Audio Architecture & Capture
The DiktaMe.Core/Audio/ namespace controls the heartbeat of the dictation pipeline. It exclusively manages microphone devices, raw buffer capture, Memory Streams, and the automated ducking of competing desktop sounds.
dIKta.me relies internally on NAudio to securely interface with the low-level Windows WASAPI (Windows Audio Session API) driver ecosystem.
Audio Capture Lifecycle
sequenceDiagram
participant User as User
participant Hotkey as GlobalHotkeyService
participant Audio as AudioCaptureService
participant Ducker as AudioDuckerService
participant STT as STTRouter (Pipeline)
User->>Hotkey: Presses Ctrl+Alt+D
Hotkey->>Audio: StartRecordingAsync()
Audio->>Ducker: DuckDesktopAudio(20%)
rect rgb(20, 40, 60)
Note right of Audio: WASAPI Loop (16kHz 16-bit PCM)
loop Every 300ms
Audio-->>Audio: Write bytes to MemoryStream
opt If IStreamingSTTProvider
Audio->>STT: Yield return byte[] (WebSockets)
end
end
end
User->>Hotkey: Releases Ctrl+Alt+D
Hotkey->>Audio: StopRecordingAsync()
Audio->>Ducker: RestoreAudioVolume()
opt If ISTTProvider (Batch)
Audio->>STT: Submit monolithic byte[] array
end
The interaction between the user pressing Ctrl+Alt+D (Dictate) and the raw voice audio being submitted to the Speech-to-Text inference engine involves a strict, memory-safe data lifecycle.

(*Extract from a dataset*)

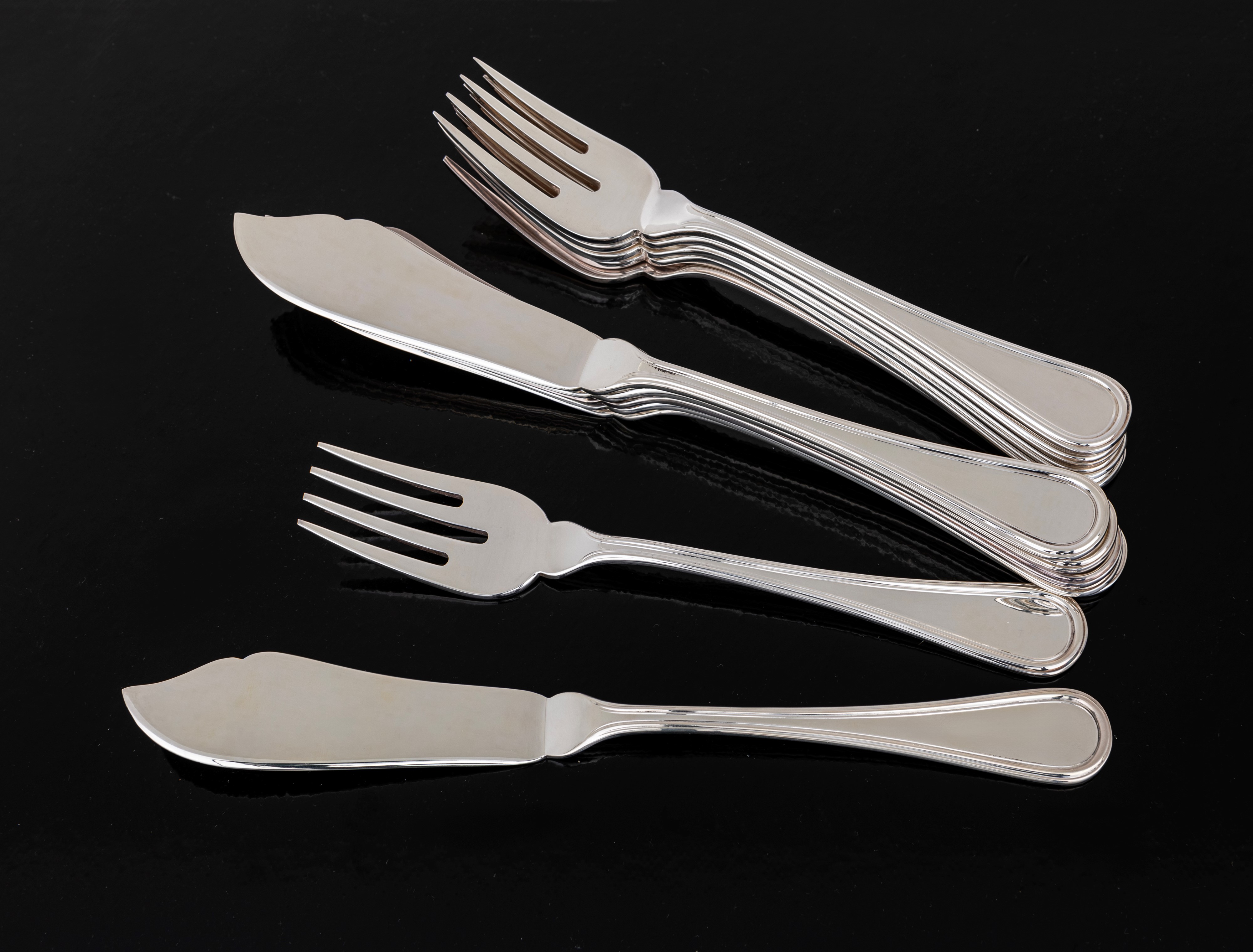 composto da sei forchette ed altrettanti coltelli con lama a sciabola; impugnature stile inglese

Because audio capture generates massive arrays of floating-point data, the architecture prioritizes minimizing object allocations.

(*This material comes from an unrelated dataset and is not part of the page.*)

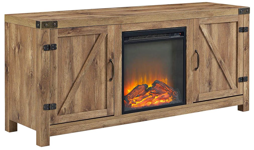 Barn Door 58" Wide Farmhouse Media TV Stand with Fireplace

1. Device Selection & Initialization
When the AudioCaptureService initializes, it queries the internal Windows mixer driver using NAudio's MMDeviceEnumerator.
It will default to the primary system recording device unless the user has explicitly defined a unique microphone override string in the .json application settings.
2. Stream Buffering
Instead of holding an entire 10-minute WAV file in RAM identically, capture runs inside an asynchronous stream handler hooked into NAudio's DataAvailable event loop.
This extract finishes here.